REQUIREMENT:
Retype word for word the stretch of entries below from the line that has "in no time." through the line that has "三孩最高补6万元!武汉一地发布 2023-05-12 16:23", and omit the pictures.
═════ RECORDS PROVIDED
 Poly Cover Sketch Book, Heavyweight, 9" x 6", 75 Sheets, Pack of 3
══════════
═════ RECORDS PROVIDED
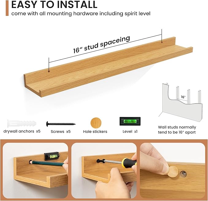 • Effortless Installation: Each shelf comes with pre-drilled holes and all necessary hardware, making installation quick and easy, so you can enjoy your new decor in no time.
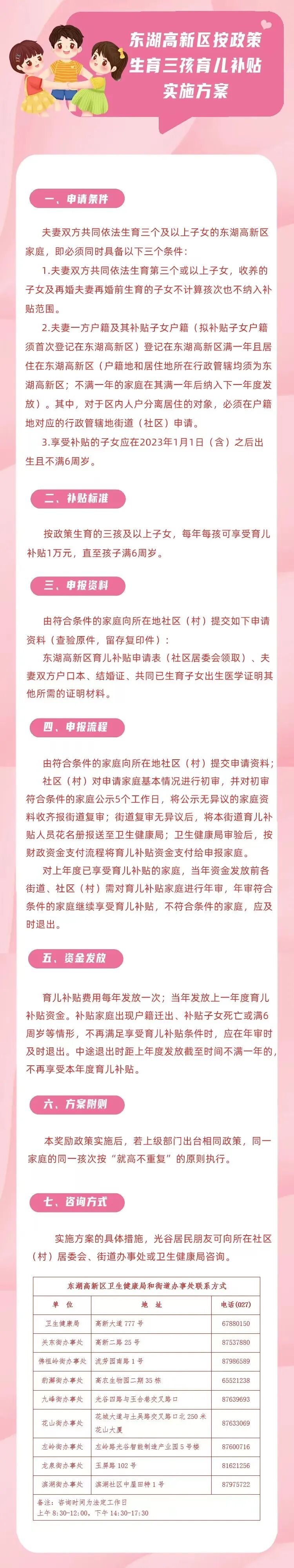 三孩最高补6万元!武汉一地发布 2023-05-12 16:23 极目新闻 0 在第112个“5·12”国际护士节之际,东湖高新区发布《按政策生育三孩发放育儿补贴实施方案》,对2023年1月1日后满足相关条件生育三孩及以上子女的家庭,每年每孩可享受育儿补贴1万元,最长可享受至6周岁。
══════════
═════ RECORDS PROVIDED
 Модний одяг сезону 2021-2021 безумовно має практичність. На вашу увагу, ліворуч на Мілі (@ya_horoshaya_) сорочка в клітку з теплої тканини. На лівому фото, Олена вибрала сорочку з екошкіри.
══════════
WRITTEN RESPONSE:
 • Effortless Installation: Each shelf comes with pre-drilled holes and all necessary hardware, making installation quick and easy, so you can enjoy your new decor in no time.
 三孩最高补6万元!武汉一地发布 2023-05-12 16:23 极目新闻 0 在第112个“5·12”国际护士节之际,东湖高新区发布《按政策生育三孩发放育儿补贴实施方案》,对2023年1月1日后满足相关条件生育三孩及以上子女的家庭,每年每孩可享受育儿补贴1万元,最长可享受至6周岁。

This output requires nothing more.